There are a couple of ways how you could approach that problem.
1. State-based execution with signals
If you look more closely at what sensors are doing, they are polling for some state (e.g. whether a file arrived in S3/SFTP) and if the condition is not met, the sensor sleeps and tries again in a couple of seconds/minutes later.
If you want to implement something similar in Prefect, you could leverage the RETRY
signal to implement such polling. Here is an example checking if “example_file.csv
” file arrived in S3:
import pendulum
from prefect.engine.signals import RETRY
import awswrangler as wr
def check_if_file_arrived_in_s3():
return wr.s3.does_object_exist("s3://bucket/example_file.csv")
@task
def s3_sensor(**kwargs):
bool_s3_object_arrived = check_if_file_arrived_in_s3()
if bool_s3_object_arrived is False:
raise RETRY(
"File not available yet, retrying in 20 seconds.",
start_time=pendulum.now().add(seconds=20),
)
2. Leveraging waiter’s abstractions
Many libraries such as AWS’s boto3
include waiters for similar use cases, which automatically implement polling under the hood.
import boto3
s3_resource = boto3.resource("s3")
bucket = s3_resource.Bucket("your_bucket_name")
# example file, doesn't need to be CSV
s3_object = "your_file_name.csv"
data_to_arrive = bucket.Object(s3_object)
data_to_arrive.wait_until_exists()
Prefect provides a generic AWSClientWait
task that allows you to do that with any AWS waiter: see the AWSClientWait API Reference.
It’s usually used with long-running AWS jobs such as AWS Batch jobs for which Prefect has the BatchSubmit
task: see the BatchSubmit API Reference.
3. Event-based execution with AWS Lambda
Once the event that you are looking for occurs, trigger a specific flow to run. If you are on AWS, this event could trigger a Lambda function that triggers a flow run. The event could be a new file that arrived in S3 or a new row streamed to DynamoDB/AWS Aurora etc. For a concrete implementation with AWS Lambda, check out this blog post.
import json
import os
import urllib.parse
import urllib.request
print("Loading function")
def lambda_handler(event, context):
print("Received event: " + json.dumps(event, indent=2))
## prep the data
create_mutation = """
mutation($input: createFlowRunInput!){
createFlowRun(input: $input){
flow_run{
id
}
}
}
"""
inputs = dict(flowId=os.getenv("PREFECT__FLOW_ID"))

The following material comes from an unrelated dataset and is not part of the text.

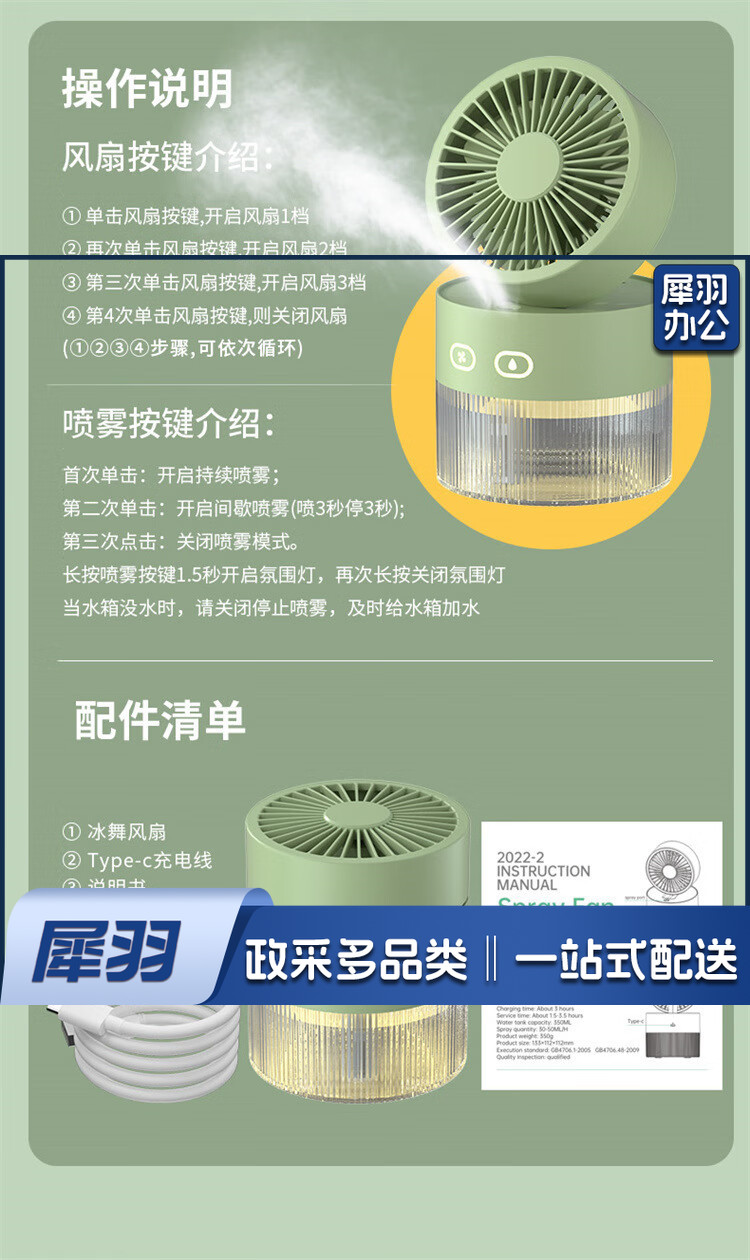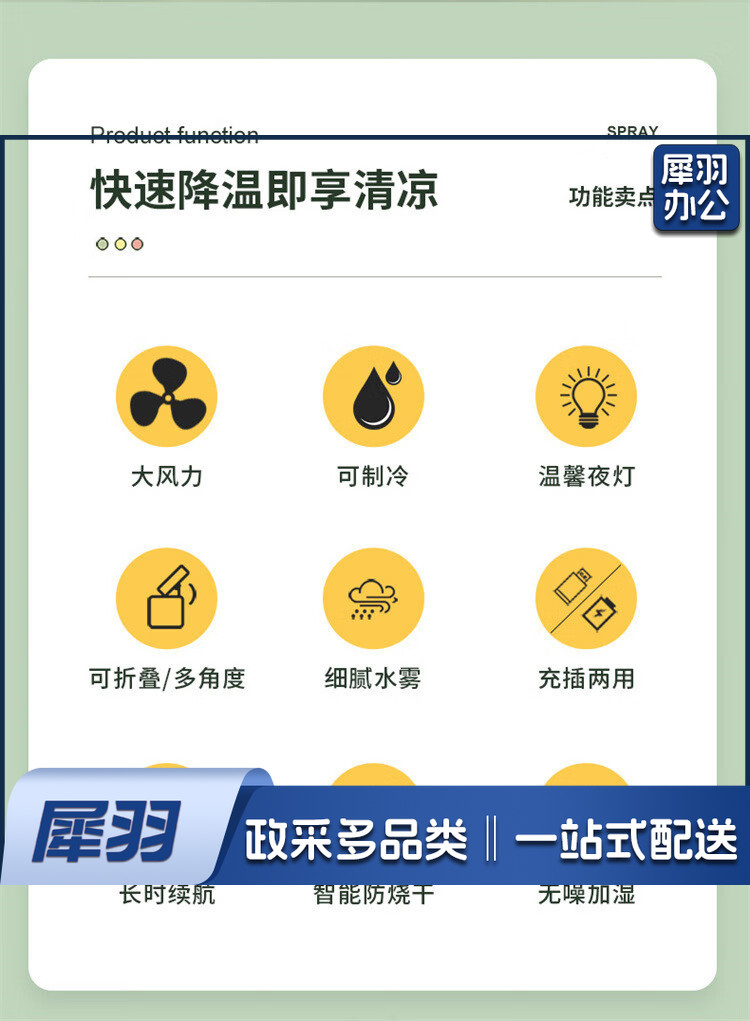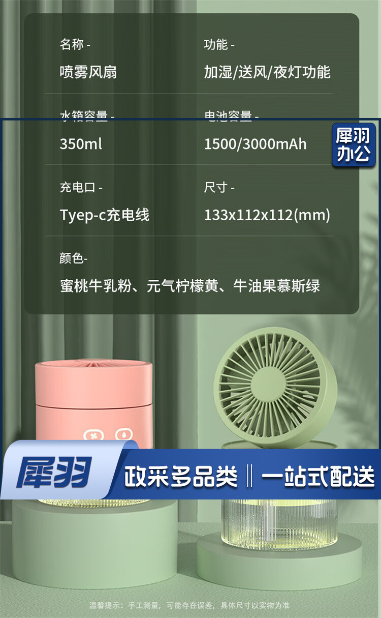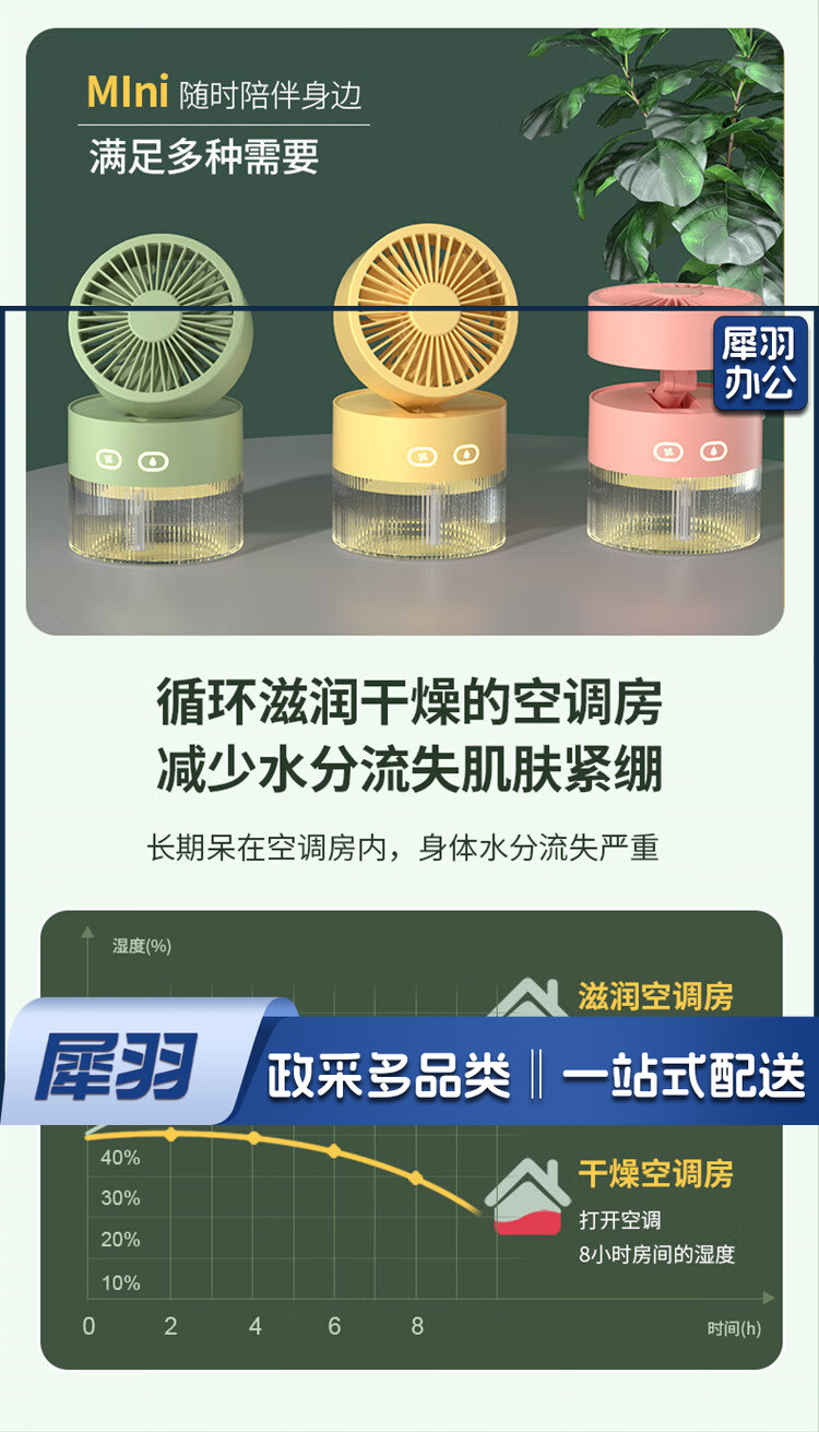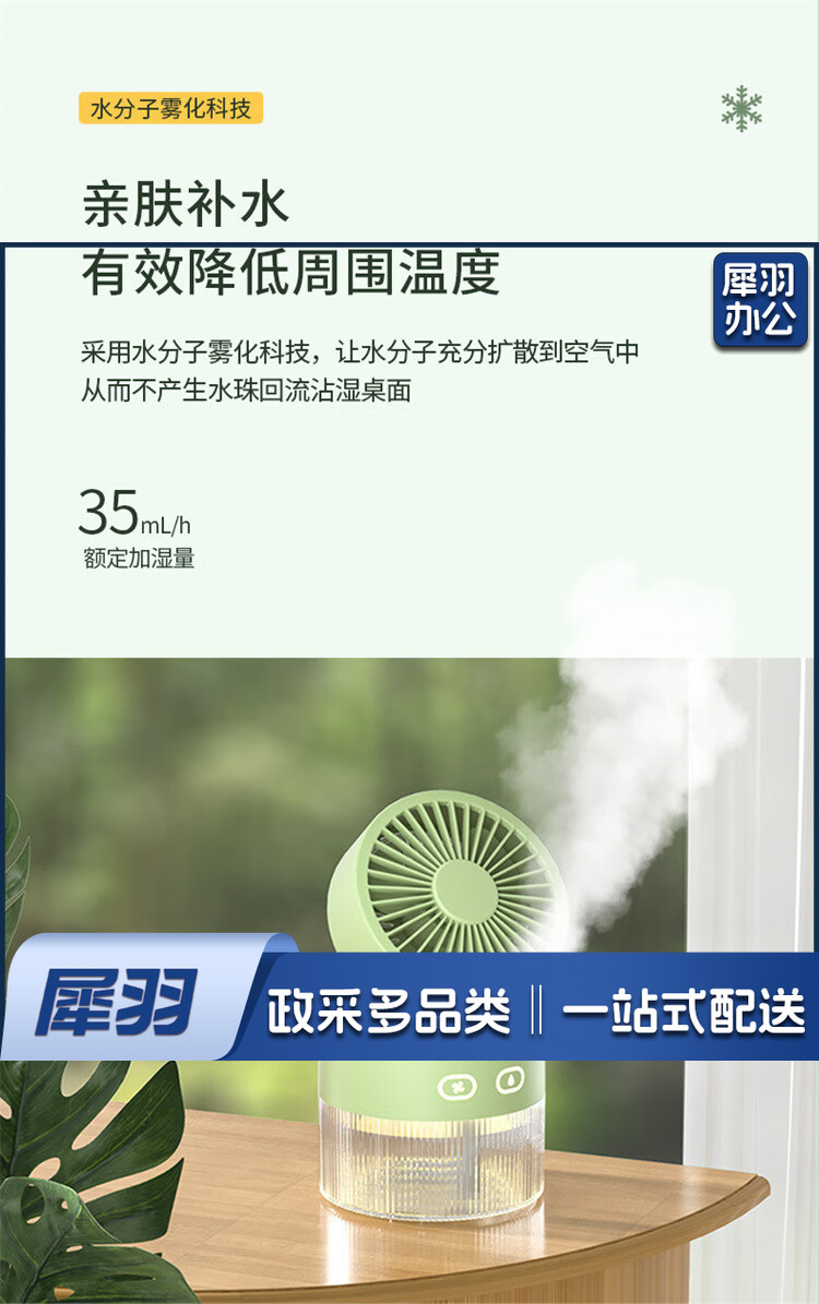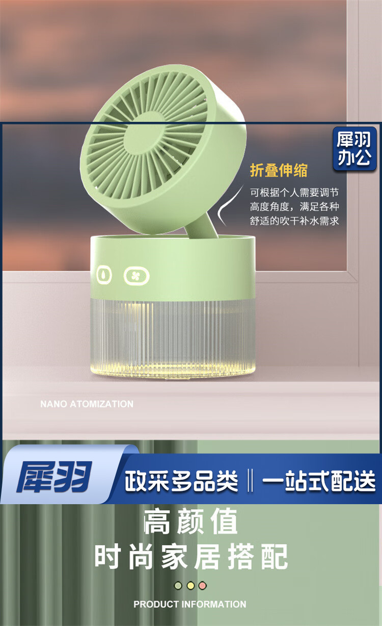 小风扇桌面喷雾加湿器制冷空调卧室办公室小型静音二合一电风扇净化便携充电宿舍夜灯礼物 黄色

variables = dict(input=inputs)
data = json.dumps(
dict(query=create_mutation, variables=json.dumps(variables))
).encode("utf-8")
## prep the request
req = urllib.request.Request(os.getenv("PREFECT__CLOUD__API"), data=data)
req.add_header("Content-Type", "application/json")
req.add_header(
"Authorization", "Bearer {}".format(os.getenv("PREFECT__CLOUD__AUTH_TOKEN"))
)
## send the request and return the response
resp = urllib.request.urlopen(req)
return json.loads(resp.read().decode())
Also, check out this blog post showing how to do the same using the serverless framework:
4. API-based
You can always trigger a flow run upon request from your event using the create_flow_run
GraphQL mutation. You don’t even need to have Prefect installed to trigger a flow run - here is an example using Python’s requests
library.
import requests
query = """
mutation {
create_flow_run(input: { version_group_id: "fb919cc4-7f74-4ed7-9f3c-71bdd9be69e8" }) {
id
}
}
"""
url = "https://api.prefect.io"
response = requests.post(
url, json={"query": query}, headers={"authorization": "Bearer XXX"}
)
print(response.status_code)
print(response.text)
Note that we use version_group_id
, as it will remain the same regardless of new flow versions later.

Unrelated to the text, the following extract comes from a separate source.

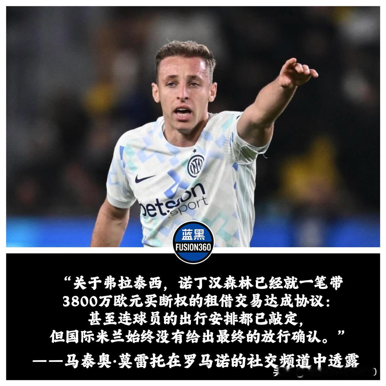 转会内幕:弗拉泰西只差一步去英超!3800万协议已达成,最后时刻因“他”叫停 转会窗虽然关了,但刚刚曝出的这个内幕,足以让所有内拉惊出一身冷汗。根据转会专家莫雷托在罗马诺频道的最新爆料:我们的中场大将弗拉泰西,在截止日前实际上已经“无限接近”离队。这可不是捕风捉影,这是真刀真枪的谈判。 当时的情况比外界想象的要惊险得多: 国米已经与英超球队诺丁汉森林完全谈妥了所有细节。交易方式非常具体:有偿租借 + 3800万欧元买断权。甚至连球员飞往英格兰的行程表都快排好了,这笔交易距离官宣,真的只差临门一脚。 然而,就在签字画押的最后读秒阶段,国米高层猛踩了刹车。这笔价值3800万欧元的交易,在最后一刻胎死腹中。理由非常现实,也非常无奈:因为没有替代者。为了保证下半赛季中场的厚度,马洛塔和奥西利奥最终拒绝给出最后的离队许可。 这波“临阵撤回”,大家怎么看? 是庆幸留住了弗拉泰西保住了阵容厚度,还是惋惜错过了一次绝佳的高位套现机会?国际米兰 💙🖤
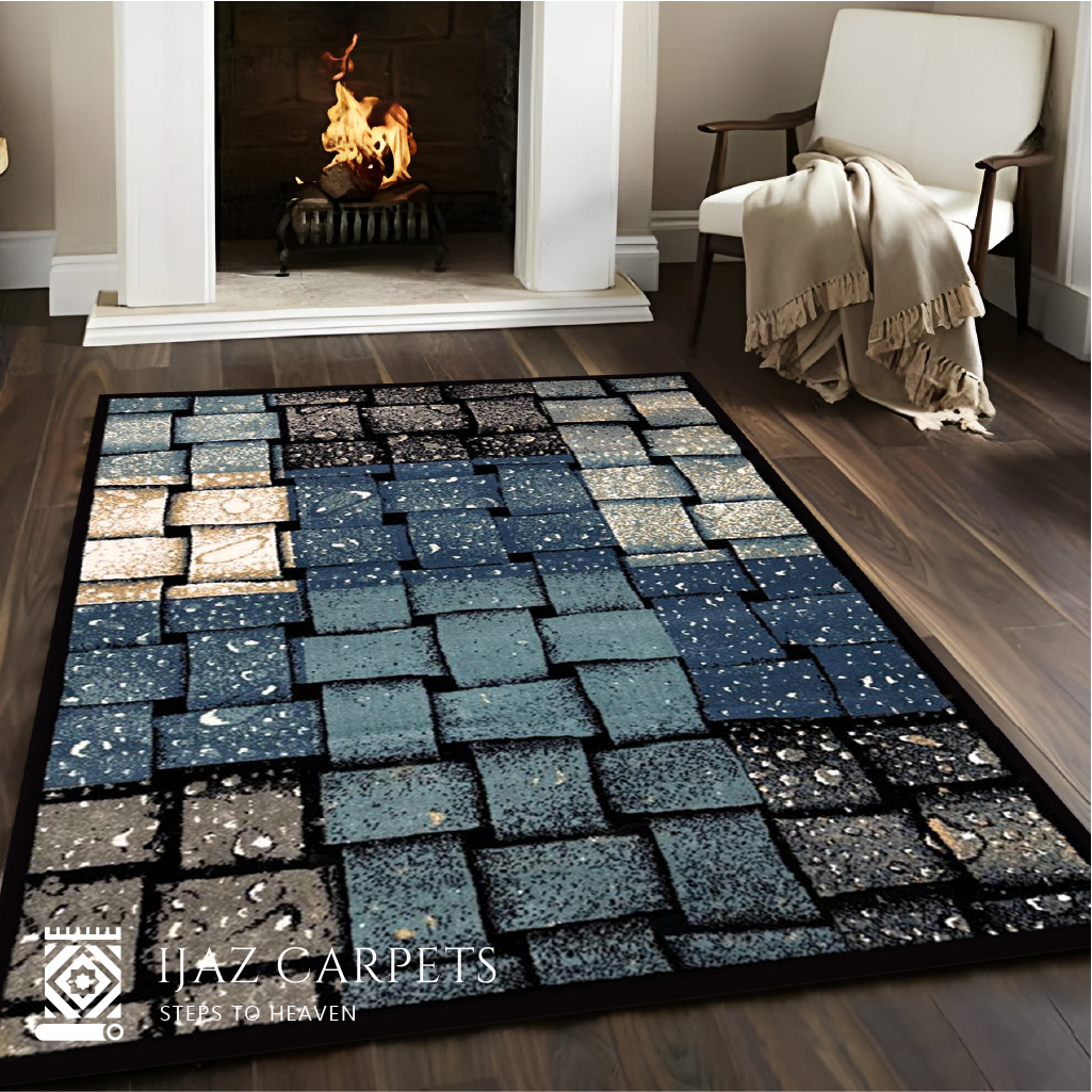 Dynamic Shape Abstract Rug | Size: 4ft width x 5.5ft length (120cm x 170cm) | Article #M46BLU-3

To do the same with Parameters
:
import requests
create_mutation = """
mutation($input: createFlowRunInput!){
createFlowRun(input: $input){
flow_run{
id
}
}
}
"""
inputs = dict(
versionGroupId="339c86be-5c1c-48f0-b8d3-fe57654afe22", parameters=dict(x=6)
)
response = requests.post(
url="https://api.prefect.io",
json=dict(query=create_mutation, variables=dict(input=inputs)),
headers=dict(authorization=f"Bearer {API_KEY}"),
)
print(response.status_code)
print(response.text)
Use cases for event-driven flow run creation
There are many scenarios that would fit into this pattern, for instance:
- as soon as a database table gets updated in some custom application, this may trigger a flow to take action on that update,
- when your external job completes (e.g. a Spark job on Databricks), you trigger another flow run via an API call to do some post-processing or send you a notification about it.